It has been a great week. Never been more confident in the last four months. Been happy at home and at work for the most part. Yesterday, the W says I still feel so much tension between us. I told her that is not me, I'm fine these days. She said I know, it is me. Our tv had broke in our(her) room. So we went and bought a new tv. On the way back, kids were screaming in back. She is going out tonight with her divorced friend. She has counted on her fingers that she is down to 3 friends left who will go out with her..Anyway, on the way home, I attempted to empathize with her. I said I'm sure you are ready to go out now.
That started world war 3. You said that in front of the kids, now I am bad for going out. She then yelled for the next couple minutes. I said we are falling into the same trap, you yell, I placate, nothing ever gets solved.
I said you need to talk to me if you want me to hear you.

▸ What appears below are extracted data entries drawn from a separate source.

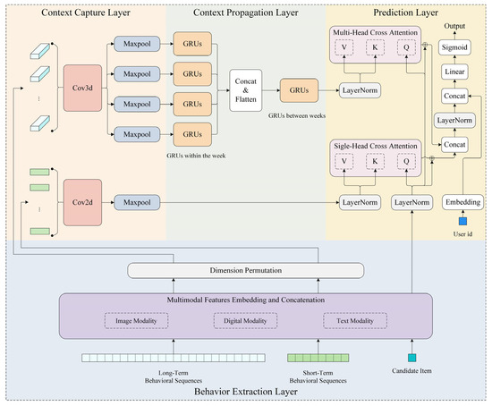 Specifically, TLSR first divides the user’s historical behavior sequence into long-term and short-term behavior sequences in the behavior extraction layer, integrating the multimodal information of items to achieve early fusion. Next, it leverages the context capture layer and context propagation layer to model long- and short-term preferences, achieving intermediate fusion and integrating personalized contextual states within preferences. Then, the prediction layer utilizes cross-attention mechanisms to interact with candidate items. By progressively incorporating user features, it predicts the purchase probability of each candidate item under the current context.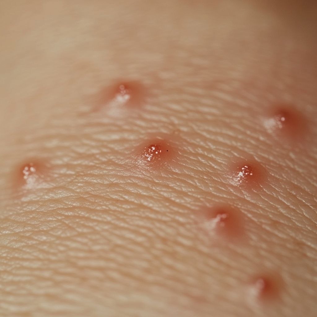 Flohbiss: Flöhe beissen oft in Gruppen oder Reihen, besonders an den Beinen, Knöcheln und Füssen. Die Bisse sind klein, rot und verursachen intensiven Juckreiz. Sie können sekundäre Infektionen hervorrufen, wenn sie aufgekratzt werden.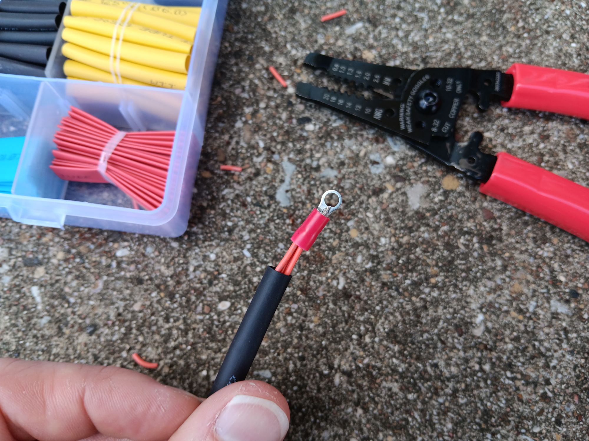 Then I take a piece of heat shrink, slip it over the four wires, add a ring terminal, and crimp it into place. The ring terminal is sized 16-22 awg.

She says fine.
I am angry that you have turned the kids against me because I go out. I am angry that I am unhappy in my marriage. I am angry that you are always sarcastic.
I had to defend myself. I couldn't just walk away. I just simply said, I see you are tense and aggravated at times, I am simply just trying to lighten the mood. I am actually trying to make you laugh. So no, I am not sarcastic that much anymore. I said you need to let your guard or wall down sometimes if you want to talk. I have to walk on eggshells around you.
The one thing that I do feel is that I am starting to feel OK if this doesn't work out. Probably helps my confidence a bit as well. This woman that I am married to is probably the most angry, sad, unloving person I know right now. Other than how she looks(which is still quite hot and she dressed in her ususal cougar outfit tonight) there is nothing really attractive about her to me. Beauty is only skin deep.